The new plan is that daughter will buddy with instructor, I'll be with husband, new guy will be with 13 yo son. We'll stay in a tight cluster, and go down and come up together. On the way out, ever the protective mom, I question the new guy. He says he certified in the military and has dived consistently since. No problem.

We get to the site, all get in okay and start down slowly. I'm having a little trouble equalizing, so I'm concentrating on my ears when I realize my son is signaling me that he needs to surface. I look for his buddy (new guy) and see his fins disappearing toward the reef. Husband signals me to stay put and goes up with son who turns out to have a mask full of blood due to a massive nosebleed. Son heads back to the boat.

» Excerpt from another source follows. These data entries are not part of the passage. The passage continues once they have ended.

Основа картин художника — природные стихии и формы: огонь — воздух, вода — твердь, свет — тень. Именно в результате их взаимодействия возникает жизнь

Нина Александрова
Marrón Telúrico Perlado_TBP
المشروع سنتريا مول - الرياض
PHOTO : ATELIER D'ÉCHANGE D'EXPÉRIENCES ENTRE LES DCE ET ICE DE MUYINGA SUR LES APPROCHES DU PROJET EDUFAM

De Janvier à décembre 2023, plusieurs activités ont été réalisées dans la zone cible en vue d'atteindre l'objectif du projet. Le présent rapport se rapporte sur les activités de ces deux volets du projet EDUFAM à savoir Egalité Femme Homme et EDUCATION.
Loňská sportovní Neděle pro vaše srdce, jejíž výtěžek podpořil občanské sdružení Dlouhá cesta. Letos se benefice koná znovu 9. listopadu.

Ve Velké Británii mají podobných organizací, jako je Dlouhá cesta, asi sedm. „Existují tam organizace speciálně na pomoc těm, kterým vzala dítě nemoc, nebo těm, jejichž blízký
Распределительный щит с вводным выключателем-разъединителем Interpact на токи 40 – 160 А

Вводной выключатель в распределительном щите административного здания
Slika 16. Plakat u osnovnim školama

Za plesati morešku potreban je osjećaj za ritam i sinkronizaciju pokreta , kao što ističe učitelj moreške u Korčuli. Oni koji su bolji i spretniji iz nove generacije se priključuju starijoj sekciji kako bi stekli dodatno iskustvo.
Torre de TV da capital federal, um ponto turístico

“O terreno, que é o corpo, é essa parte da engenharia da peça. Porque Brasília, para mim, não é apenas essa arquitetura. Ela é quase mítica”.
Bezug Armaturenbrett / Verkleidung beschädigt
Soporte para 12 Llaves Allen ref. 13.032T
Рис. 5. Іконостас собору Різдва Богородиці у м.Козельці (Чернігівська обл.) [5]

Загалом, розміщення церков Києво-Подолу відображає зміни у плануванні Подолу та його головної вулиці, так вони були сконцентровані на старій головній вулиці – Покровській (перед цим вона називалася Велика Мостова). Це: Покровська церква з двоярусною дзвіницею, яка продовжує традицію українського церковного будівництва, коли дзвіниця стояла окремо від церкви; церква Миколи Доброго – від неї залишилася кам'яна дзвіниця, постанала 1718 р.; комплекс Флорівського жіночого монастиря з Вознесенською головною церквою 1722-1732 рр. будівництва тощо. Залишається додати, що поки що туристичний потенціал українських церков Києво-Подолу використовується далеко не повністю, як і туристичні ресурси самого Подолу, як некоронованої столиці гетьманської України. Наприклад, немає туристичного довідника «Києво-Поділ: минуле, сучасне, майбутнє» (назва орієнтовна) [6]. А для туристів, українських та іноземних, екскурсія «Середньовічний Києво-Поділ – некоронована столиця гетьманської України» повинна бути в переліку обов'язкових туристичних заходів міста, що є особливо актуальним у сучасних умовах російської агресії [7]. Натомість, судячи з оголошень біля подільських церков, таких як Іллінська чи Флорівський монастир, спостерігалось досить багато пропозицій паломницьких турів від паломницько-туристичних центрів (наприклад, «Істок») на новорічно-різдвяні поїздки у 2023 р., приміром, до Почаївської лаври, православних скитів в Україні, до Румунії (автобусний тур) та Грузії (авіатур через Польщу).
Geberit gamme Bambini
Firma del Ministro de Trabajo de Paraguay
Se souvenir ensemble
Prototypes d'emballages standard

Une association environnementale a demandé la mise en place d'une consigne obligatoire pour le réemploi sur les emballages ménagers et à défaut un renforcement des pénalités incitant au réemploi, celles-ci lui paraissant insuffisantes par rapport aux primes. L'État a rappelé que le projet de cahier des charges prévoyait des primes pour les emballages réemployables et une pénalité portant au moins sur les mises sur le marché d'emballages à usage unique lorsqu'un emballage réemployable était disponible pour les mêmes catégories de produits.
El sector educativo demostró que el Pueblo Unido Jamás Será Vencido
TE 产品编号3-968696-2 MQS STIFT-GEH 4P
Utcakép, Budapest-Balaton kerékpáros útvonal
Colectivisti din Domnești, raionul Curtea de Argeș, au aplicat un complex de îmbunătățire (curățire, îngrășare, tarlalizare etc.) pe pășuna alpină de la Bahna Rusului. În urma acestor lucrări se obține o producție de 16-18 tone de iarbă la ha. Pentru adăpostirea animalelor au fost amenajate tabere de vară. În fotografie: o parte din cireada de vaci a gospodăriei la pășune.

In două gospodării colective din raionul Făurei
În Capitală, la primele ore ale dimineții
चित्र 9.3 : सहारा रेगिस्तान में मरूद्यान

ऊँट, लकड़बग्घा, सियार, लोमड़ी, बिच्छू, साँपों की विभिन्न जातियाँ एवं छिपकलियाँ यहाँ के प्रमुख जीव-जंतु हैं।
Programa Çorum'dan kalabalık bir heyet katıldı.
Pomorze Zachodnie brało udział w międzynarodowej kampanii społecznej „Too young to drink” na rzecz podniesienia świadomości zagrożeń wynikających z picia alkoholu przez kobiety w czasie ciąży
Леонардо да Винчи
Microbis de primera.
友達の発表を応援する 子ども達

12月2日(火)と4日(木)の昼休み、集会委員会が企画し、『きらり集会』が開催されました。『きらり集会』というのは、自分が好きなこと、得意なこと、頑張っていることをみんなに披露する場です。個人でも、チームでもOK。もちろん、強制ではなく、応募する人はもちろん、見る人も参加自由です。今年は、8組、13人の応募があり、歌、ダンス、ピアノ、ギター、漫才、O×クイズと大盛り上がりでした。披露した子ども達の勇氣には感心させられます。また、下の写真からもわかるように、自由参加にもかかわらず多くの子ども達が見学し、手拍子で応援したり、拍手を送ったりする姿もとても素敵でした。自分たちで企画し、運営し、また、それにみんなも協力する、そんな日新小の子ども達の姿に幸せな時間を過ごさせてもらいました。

Meanwhile, instructor is getting nervous about new guy. He's rushing new-diver daughter, who's also having problems equalizing, to get down quickly, so they can catch up with him. The result is that she ends up in pain and has to go back to the boat.

Instructor rejoins us and we get to the reef and find new guy happily toodling around on his own. We proceed to have a very nice dive (43 ft., 56 min. BT, lots to see) and head back to the boat safely.

On the positive side, no one got hurt. On the negative, daughter was convinced she can't equalize despite doing well on the earlier shallow dive. What bothers me most about new-guy-jerk's selfish behavior is that he had absolutely no clue what was happening with his buddy, my son. For all he knew son was in the midst of a major emergency. Didn't even ask or indicate any curiosity until back on the boat an hour after being separated from him.

Lessons?

To quote leabre, * It is not enough to know how many dives your buddy has, and how recent his diving experience is, it is more important to determine somehow whether you can trust him and whether you will be comfortable with this person under water.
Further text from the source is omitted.